Instructions for the task
Output a faithful copy of the entries, every picture removed.

Data listing
▬▬▬▬▬▬

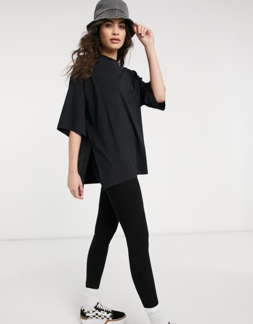 ASOS DESIGN – Super-Oversize-T-Shirt mit Seitenschlitz in Schwarz
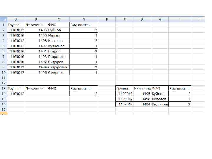 Пример сортировки (номер группы → вид оплаты)
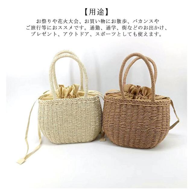 かごバッグ レディース 手提げバッグ ハンドバッグ かご編みバッグ 軽量 巾着付き バスケット型 ナチュラル 大容量 手提げ ペーパーストローバッグ 可愛い お花見 水着 浴衣 バレンタイン カゴバック 籠バッグ リゾート 旅行 送料無料 プレゼント
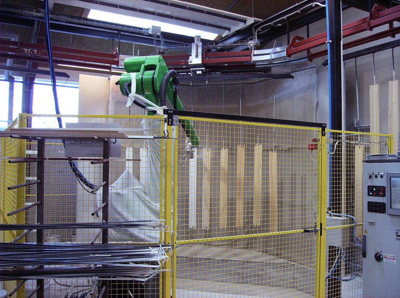 Wherever the suspension bar is to be accumulated, a turning unit for a 90 degree automatic turn is installed in order to allow the bar to move across the direction of travel. When accumulating, the pitch is usually at
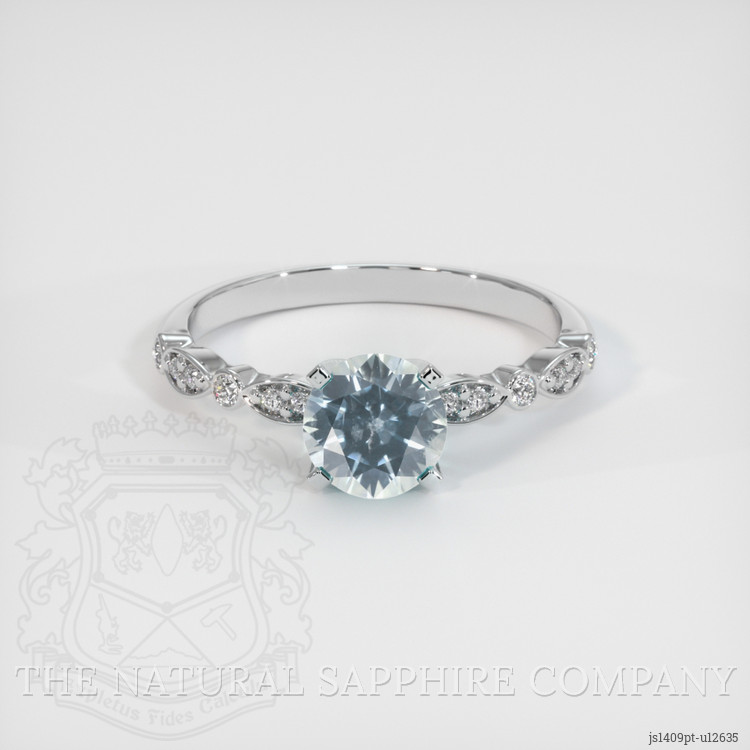 The ring features a beautiful, transparent 1.25 carat round shape bluish green sapphire with the dimensions of 6.45 x 6.41 x 4.25 mm and a mixed brilliant cut. It has a clarity grade of very slightly included (evaluated at eye level), very light color saturation, and an excellent polish. The origin of this sapphire is Montana.
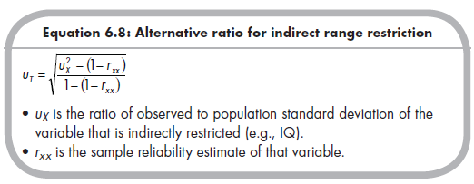 This situation of indirect range restriction may be more common than that of direct range restriction that I have previously described (Hunter et al., 2006). It is also more complex to correct. Although I direct readers interested in a full explanation to other sources (Hunter & Schmidt, 2004, Ch. 3; Hunter et al., 2006; Le & Schmidt, 2006), I briefly describe this procedure. First, you need to consider both the sample standard deviation of the indirectly restricted variable (e.g., IQ, if GRE scores are used for selection and are associated with IQ) as well as the reliability of this restricted variable. You then compute an alternative value of u for use in Equation 6.7. Specifically, you compute this alternative ratio, denoted as uj by Hunter and Schmidt (2004; Hunter et al., 2006, p. 106) using the following formula:
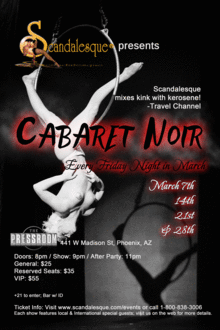 Every Friday Night in March don't miss "Cabaret Noir"! A Dark Cabaret Show featuring the cast of Scandalesque. Whips, Chains, Latex... Oh My! Witness our rendition to high-end S&M. Seductive singers, fierce dancers, adult comedy and wicked specialty acts!

▬▬▬▬▬▬

Task output
 ASOS DESIGN – Super-Oversize-T-Shirt mit Seitenschlitz in Schwarz
 Пример сортировки (номер группы → вид оплаты)
 かごバッグ レディース 手提げバッグ ハンドバッグ かご編みバッグ 軽量 巾着付き バスケット型 ナチュラル 大容量 手提げ ペーパーストローバッグ 可愛い お花見 水着 浴衣 バレンタイン カゴバック 籠バッグ リゾート 旅行 送料無料 プレゼント
 Wherever the suspension bar is to be accumulated, a turning unit for a 90 degree automatic turn is installed in order to allow the bar to move across the direction of travel. When accumulating, the pitch is usually at
 The ring features a beautiful, transparent 1.25 carat round shape bluish green sapphire with the dimensions of 6.45 x 6.41 x 4.25 mm and a mixed brilliant cut. It has a clarity grade of very slightly included (evaluated at eye level), very light color saturation, and an excellent polish. The origin of this sapphire is Montana.
 This situation of indirect range restriction may be more common than that of direct range restriction that I have previously described (Hunter et al., 2006). It is also more complex to correct. Although I direct readers interested in a full explanation to other sources (Hunter & Schmidt, 2004, Ch. 3; Hunter et al., 2006; Le & Schmidt, 2006), I briefly describe this procedure. First, you need to consider both the sample standard deviation of the indirectly restricted variable (e.g., IQ, if GRE scores are used for selection and are associated with IQ) as well as the reliability of this restricted variable. You then compute an alternative value of u for use in Equation 6.7. Specifically, you compute this alternative ratio, denoted as uj by Hunter and Schmidt (2004; Hunter et al., 2006, p. 106) using the following formula:
 Every Friday Night in March don't miss "Cabaret Noir"! A Dark Cabaret Show featuring the cast of Scandalesque. Whips, Chains, Latex... Oh My! Witness our rendition to high-end S&M. Seductive singers, fierce dancers, adult comedy and wicked specialty acts!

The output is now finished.